Ну вот, с размышлениями — все позади. Риторический узор (не философский орнамент, увы) проявлен достаточно четко. Но есть еще и чисто писательские заботы, а именно: завершение узора сюжетного. Этим и займемся.

В момент, когда за окнами основательно рассвело, по отключенным проводам вновь пустили электричество. В избе вспыхнула лампочка! Но Парамоша даже не вздрогнул: к этому времени он уже был готов не только к неожиданностям, но и к действиям.

Тихо, невнятно так улыбаясь восторжествовавшей в нем музыке, достаточно тихо, чтобы не оскорбить улыбкой скорбного момента, Парамоша сходил в сени, взял на руки скрюченное тельце, отнес, нетяжелое, на кровать, за отгородку. Раздвинул полог, чтобы лучше видеть покойницу, видеть, чтобы не бояться.

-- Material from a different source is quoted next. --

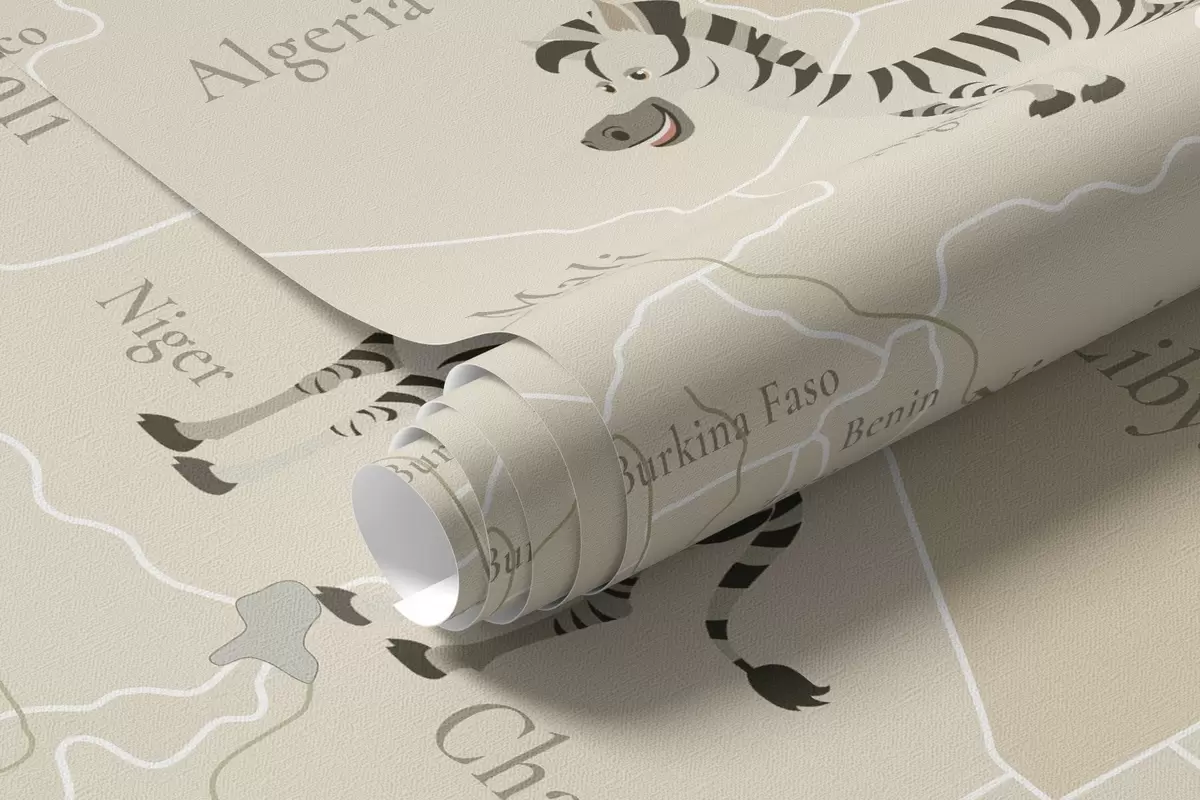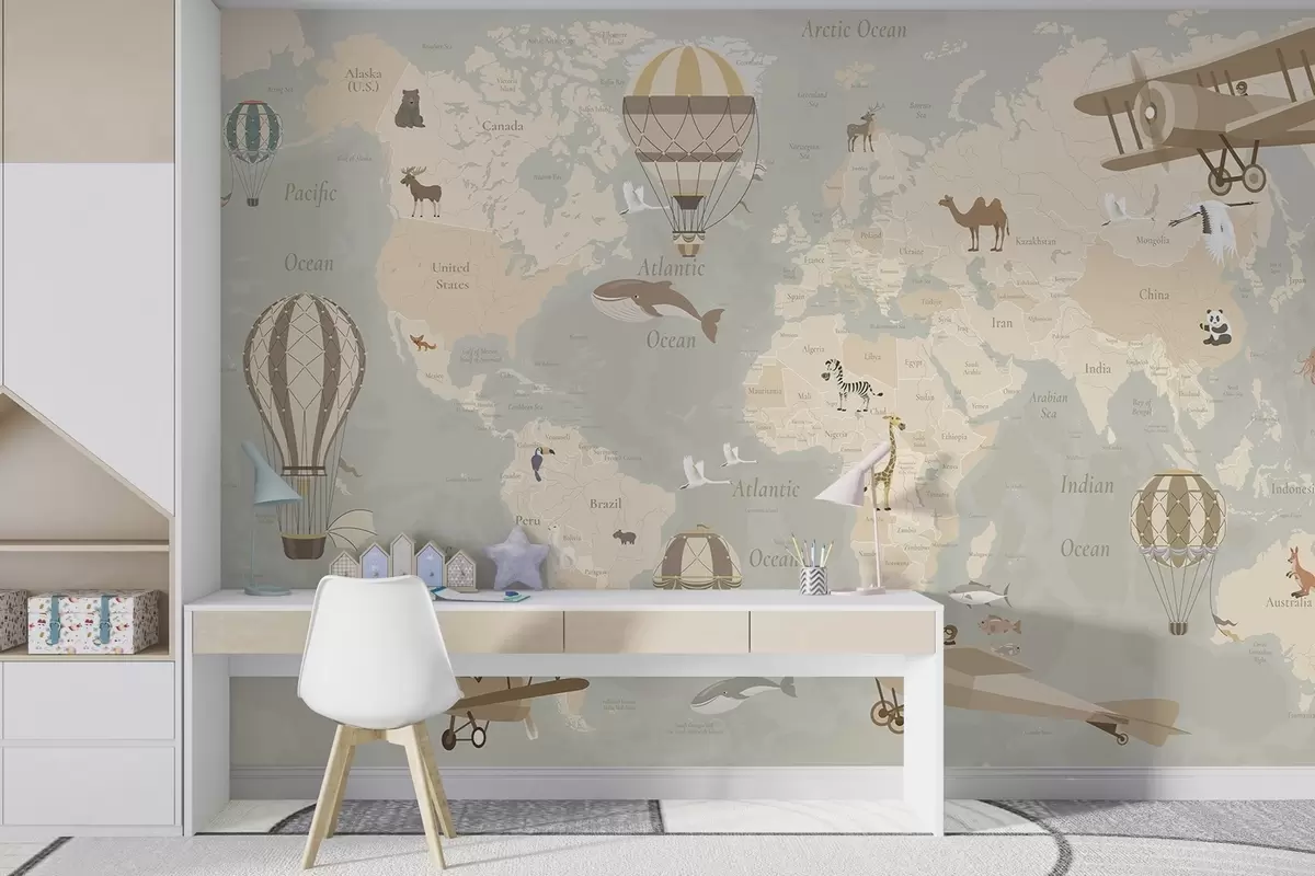 Fotomurales Mapa mundial infantil con animales, aviones y globos aerostáticos. En inglés. Color beige Nr. c00003en

Старушка лежала вовсе не страшная. На лице у нее было все спокойно: глаза призакрыты веками, рот сомкнут, морщины, хоть и не расправились, но все равно стало их как бы поменьше и не такие глубокие, как прежде. Вот нос, конечно, не убавился, скорей наоборот. Еще при жизни ввалившиеся губы не могли уже ничего изобразить, и все же некое воспоминание об улыбке исходило от поверженного лица, как бы испарение недавнего света мыслей источалось в полумрак ее вдовьего алькова.

И тут Парамоше пришел на память его недавний разговор с бабой Липой. Он тогда зубы ей заговаривал, чтобы она не впадала в забытье, чтобы не умирала подольше. Машинально спросил он ее о счастье. «Вот вы столько лет прожили, в чем, скажите, по-вашему, счастье в жизни, Олимпиада Ивановна?» Даже самый серьезный вопрос может оказаться глупым — смотря как, когда, а главное — кто его задает? Но баба Липа не отмахнулась. Она ответила примерно так: «Счастье, Васенька, в улыбке. Ежели человек улыбается, значит, в ем счастье». — «А что, — подумал он тогда. — В этом что-то есть. По себе знаю: в любой озверевшей компании появись с улыбкой на губах — никто тебя не тронет. Во всяком случае, бить по улыбке кулаком не станут».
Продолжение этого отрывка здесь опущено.